WORK TASK:
Your answer should be a single number: the count of lines in the listing that contain "clear".

THE INPUT:
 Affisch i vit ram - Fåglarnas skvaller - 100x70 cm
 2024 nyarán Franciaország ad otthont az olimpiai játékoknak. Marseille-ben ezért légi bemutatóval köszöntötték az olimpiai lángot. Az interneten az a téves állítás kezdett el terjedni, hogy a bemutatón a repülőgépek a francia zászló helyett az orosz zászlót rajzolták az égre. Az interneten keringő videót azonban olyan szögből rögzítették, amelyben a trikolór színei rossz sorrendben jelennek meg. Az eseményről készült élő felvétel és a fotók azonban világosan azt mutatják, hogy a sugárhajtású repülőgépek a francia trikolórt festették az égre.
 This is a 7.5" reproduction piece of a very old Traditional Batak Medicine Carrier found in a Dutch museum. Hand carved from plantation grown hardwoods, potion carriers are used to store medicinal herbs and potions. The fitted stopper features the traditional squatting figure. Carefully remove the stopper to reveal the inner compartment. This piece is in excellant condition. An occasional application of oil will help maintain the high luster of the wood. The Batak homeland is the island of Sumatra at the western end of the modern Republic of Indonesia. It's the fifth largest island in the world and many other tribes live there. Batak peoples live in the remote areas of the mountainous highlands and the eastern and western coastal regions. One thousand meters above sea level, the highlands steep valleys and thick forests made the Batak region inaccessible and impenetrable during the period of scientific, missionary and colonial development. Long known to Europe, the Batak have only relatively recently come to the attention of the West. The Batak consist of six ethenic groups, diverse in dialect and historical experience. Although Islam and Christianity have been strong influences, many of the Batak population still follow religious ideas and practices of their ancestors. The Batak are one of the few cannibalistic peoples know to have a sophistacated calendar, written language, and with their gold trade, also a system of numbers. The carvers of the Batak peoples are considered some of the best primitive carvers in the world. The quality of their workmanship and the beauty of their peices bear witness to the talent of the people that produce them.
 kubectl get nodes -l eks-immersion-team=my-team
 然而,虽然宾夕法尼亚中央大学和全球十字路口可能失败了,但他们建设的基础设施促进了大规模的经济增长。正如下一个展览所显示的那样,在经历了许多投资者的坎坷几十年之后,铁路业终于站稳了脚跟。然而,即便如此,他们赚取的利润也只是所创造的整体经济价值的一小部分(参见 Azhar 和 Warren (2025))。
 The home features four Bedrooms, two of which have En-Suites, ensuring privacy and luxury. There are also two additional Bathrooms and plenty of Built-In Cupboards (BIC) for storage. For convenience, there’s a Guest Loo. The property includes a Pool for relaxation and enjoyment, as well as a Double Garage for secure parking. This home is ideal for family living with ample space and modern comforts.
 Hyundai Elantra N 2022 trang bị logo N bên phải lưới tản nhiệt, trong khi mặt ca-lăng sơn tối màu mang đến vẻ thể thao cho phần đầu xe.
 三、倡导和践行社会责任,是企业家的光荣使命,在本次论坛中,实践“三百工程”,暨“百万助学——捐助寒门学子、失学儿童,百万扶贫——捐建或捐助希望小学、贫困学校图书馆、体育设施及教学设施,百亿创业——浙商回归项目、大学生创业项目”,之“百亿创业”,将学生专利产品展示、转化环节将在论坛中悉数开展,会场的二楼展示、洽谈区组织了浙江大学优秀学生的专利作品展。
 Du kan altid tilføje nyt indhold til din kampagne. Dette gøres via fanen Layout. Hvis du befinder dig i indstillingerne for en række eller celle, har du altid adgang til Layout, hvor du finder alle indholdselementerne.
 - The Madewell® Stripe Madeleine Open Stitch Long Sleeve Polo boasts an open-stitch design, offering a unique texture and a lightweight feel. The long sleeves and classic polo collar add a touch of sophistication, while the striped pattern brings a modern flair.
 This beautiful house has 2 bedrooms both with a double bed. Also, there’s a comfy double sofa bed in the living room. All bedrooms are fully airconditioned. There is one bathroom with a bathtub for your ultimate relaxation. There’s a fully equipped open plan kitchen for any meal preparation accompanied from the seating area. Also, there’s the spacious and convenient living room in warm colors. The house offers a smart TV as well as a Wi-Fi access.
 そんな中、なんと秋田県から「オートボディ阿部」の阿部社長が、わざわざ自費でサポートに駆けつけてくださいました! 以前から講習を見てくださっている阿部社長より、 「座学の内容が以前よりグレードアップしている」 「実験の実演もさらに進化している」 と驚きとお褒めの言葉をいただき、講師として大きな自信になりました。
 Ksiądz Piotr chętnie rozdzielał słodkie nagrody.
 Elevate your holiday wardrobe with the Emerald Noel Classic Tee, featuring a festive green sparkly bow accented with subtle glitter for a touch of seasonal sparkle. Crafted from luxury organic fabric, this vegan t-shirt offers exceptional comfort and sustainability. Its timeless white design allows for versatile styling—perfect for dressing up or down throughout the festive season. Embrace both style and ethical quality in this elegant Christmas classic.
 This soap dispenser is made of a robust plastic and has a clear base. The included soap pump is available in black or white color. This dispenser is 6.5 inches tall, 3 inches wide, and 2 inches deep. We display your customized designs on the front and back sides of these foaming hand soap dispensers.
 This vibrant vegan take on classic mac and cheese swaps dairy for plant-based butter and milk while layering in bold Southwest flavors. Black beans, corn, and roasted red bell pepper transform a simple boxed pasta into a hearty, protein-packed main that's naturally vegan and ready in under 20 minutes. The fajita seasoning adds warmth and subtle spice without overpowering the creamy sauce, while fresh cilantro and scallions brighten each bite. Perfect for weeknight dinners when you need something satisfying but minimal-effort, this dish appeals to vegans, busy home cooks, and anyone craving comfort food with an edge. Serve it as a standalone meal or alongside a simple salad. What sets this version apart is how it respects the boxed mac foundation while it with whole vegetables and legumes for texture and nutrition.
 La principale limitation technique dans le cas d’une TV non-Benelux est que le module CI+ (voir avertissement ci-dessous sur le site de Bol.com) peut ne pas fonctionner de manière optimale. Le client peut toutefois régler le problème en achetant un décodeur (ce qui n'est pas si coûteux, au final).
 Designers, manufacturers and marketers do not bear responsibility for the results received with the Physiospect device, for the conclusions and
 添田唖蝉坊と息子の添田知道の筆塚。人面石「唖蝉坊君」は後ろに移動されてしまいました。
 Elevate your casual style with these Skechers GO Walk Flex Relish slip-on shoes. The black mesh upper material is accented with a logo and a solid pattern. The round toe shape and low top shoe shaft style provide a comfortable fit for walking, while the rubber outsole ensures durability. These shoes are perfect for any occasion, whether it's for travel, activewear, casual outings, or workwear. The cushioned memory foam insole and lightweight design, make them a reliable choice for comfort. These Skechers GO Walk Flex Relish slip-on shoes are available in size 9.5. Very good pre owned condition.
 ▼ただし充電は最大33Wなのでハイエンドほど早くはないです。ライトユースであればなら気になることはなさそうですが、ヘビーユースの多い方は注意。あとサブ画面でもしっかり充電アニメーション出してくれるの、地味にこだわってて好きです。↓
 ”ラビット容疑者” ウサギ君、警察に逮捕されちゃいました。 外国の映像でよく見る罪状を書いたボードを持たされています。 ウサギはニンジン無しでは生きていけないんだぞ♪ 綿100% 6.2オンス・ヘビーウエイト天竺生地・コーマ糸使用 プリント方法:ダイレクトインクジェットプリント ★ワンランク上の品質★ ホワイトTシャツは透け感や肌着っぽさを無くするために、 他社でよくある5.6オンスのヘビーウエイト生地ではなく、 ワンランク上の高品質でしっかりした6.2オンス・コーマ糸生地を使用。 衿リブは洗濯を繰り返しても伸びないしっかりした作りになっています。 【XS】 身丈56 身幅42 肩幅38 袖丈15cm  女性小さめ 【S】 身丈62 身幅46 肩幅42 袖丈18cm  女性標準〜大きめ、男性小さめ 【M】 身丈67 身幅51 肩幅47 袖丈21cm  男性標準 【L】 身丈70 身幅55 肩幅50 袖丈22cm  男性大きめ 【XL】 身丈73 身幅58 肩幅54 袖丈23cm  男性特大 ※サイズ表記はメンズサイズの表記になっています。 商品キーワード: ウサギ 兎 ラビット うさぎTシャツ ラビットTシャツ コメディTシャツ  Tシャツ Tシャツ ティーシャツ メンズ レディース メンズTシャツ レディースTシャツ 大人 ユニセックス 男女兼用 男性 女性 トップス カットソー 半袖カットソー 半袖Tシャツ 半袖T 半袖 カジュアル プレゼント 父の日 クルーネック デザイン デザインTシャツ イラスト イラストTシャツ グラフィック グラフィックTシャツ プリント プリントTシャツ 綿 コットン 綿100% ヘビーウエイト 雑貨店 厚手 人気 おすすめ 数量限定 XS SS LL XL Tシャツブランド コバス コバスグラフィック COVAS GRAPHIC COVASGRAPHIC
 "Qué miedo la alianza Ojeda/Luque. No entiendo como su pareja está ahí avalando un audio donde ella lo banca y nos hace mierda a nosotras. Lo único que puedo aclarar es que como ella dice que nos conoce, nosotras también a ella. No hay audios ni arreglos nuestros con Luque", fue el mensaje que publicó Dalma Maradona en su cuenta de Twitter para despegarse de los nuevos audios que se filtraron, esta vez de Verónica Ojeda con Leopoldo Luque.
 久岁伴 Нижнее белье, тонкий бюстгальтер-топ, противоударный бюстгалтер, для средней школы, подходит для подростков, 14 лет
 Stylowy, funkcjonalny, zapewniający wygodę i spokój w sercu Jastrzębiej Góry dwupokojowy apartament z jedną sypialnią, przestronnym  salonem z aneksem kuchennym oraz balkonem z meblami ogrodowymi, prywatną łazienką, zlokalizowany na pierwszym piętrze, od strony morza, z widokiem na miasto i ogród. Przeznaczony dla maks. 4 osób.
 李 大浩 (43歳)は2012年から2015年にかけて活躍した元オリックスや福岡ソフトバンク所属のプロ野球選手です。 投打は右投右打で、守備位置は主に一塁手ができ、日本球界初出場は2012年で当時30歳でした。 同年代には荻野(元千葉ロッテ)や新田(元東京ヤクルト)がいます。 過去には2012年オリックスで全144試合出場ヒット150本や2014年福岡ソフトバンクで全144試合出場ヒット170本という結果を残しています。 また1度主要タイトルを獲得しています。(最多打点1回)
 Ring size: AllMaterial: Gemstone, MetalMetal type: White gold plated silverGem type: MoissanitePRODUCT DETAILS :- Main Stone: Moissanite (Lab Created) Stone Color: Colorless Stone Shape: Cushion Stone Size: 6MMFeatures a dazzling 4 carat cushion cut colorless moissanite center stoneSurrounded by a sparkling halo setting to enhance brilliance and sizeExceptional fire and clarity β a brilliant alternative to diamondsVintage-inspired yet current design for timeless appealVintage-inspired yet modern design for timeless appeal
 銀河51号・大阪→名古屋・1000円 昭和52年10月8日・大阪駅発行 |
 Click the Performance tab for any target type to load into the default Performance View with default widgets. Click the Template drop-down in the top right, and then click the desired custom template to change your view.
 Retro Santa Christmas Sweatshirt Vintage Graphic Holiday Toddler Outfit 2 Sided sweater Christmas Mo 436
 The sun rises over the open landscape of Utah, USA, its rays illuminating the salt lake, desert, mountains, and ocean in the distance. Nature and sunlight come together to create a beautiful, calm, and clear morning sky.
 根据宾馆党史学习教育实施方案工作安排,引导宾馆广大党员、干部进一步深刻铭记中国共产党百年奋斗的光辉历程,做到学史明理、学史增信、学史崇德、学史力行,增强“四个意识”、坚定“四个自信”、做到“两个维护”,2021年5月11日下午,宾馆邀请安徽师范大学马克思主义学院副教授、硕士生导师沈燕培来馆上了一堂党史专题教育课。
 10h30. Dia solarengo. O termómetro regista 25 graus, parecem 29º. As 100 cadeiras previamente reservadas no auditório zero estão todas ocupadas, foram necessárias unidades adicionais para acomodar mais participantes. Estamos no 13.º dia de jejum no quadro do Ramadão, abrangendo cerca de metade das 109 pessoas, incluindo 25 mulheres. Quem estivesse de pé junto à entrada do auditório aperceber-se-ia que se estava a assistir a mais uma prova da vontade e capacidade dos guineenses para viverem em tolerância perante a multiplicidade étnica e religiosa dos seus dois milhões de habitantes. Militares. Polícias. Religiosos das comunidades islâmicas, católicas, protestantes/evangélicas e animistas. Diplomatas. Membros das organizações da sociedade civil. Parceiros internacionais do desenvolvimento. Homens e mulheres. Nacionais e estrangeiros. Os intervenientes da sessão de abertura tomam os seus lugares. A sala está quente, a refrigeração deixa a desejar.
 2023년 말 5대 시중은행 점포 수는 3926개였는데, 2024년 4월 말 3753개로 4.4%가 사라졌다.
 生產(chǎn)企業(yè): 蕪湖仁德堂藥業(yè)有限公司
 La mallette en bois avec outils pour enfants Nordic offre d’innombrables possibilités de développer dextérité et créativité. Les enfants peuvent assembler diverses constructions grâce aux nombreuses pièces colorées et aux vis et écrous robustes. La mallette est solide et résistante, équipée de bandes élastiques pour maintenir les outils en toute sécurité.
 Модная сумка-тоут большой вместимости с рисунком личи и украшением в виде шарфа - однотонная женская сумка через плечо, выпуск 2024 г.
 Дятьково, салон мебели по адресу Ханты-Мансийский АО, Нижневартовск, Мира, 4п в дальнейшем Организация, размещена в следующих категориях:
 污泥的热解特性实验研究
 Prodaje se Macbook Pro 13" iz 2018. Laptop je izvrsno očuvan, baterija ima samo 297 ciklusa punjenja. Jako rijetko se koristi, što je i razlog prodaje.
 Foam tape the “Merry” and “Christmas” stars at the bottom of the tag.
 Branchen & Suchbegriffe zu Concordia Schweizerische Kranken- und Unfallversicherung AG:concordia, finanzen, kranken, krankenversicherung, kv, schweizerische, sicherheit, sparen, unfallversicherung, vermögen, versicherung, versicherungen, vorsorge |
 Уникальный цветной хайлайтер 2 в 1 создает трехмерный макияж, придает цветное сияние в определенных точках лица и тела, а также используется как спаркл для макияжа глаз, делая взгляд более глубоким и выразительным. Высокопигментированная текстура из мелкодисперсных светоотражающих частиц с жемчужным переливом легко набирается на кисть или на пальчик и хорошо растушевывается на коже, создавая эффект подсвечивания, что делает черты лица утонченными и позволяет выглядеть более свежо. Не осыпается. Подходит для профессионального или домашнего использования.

WORKED SOLUTION:
2